Monday, October 25, 2004
US farm exports to China may touch $6 bn this year
REUTERS
WASHINGTON: China is becoming an increasingly reliable market for US agricultural goods. reversing early concerns by exporters that Beijing might try to skirt new trade obligations, a top US government official said on Thursday.
"China is doing a good job of keeping its WTO commitments," Allen Johnson, the chief US agriculture trade negotiator, said.
Following China's 2001 entry into the WTO, the US agriculture community, especially wheat and corn interests, complained that Beijing was slow to further open its markets.
"The trend line I think is pretty clear. They are continuing to have growing demand for food products and I don't see that trend line stopping," he said.
In August, the US Department of Agriculture forecast American farm exports to China will add up to about $6bn in the fiscal year that began on October 1. Total US agriculture exports for the same period were forecast at $57.5bn.
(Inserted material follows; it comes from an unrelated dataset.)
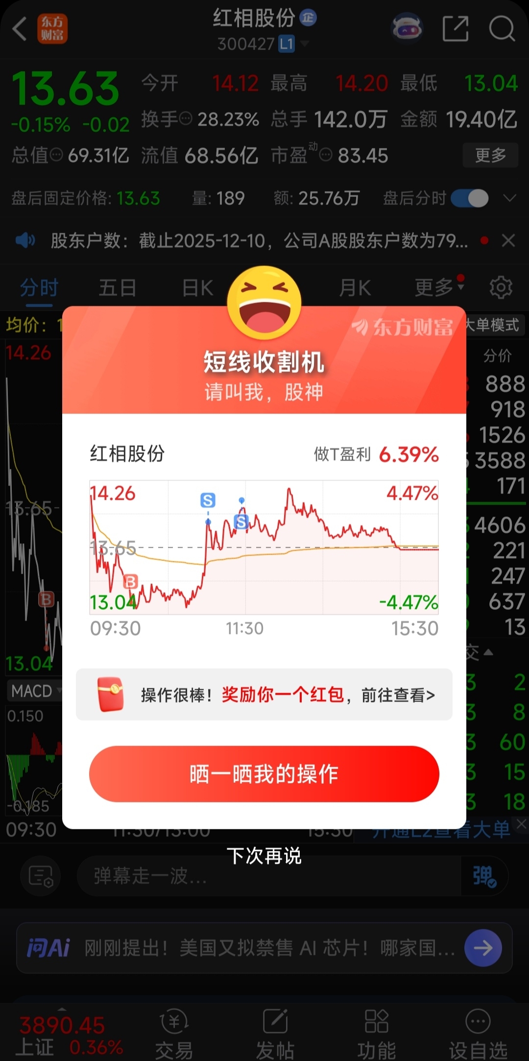 不要被红香杀跌的现象而吓住,当日T+0这支红香是最好标的,几乎下午都会拉升一波,今天的操作还算满意,下周继续,明年3/4月份本人坚定看好红香能到25元。(个人之见,不构成投资建议)

The $6bn forecast is up sharply from $3.5bn the previous year and reflects brisk US exports of cotton, soyabeans and wheat to China.
In previous years, however, the US saw only negligible grain exports to China and disruptions related to confusing regulations for genetically modified soybeans. Many American exporters saw those disruptions as trade barriers fashioned to protect domestic Chinese industries.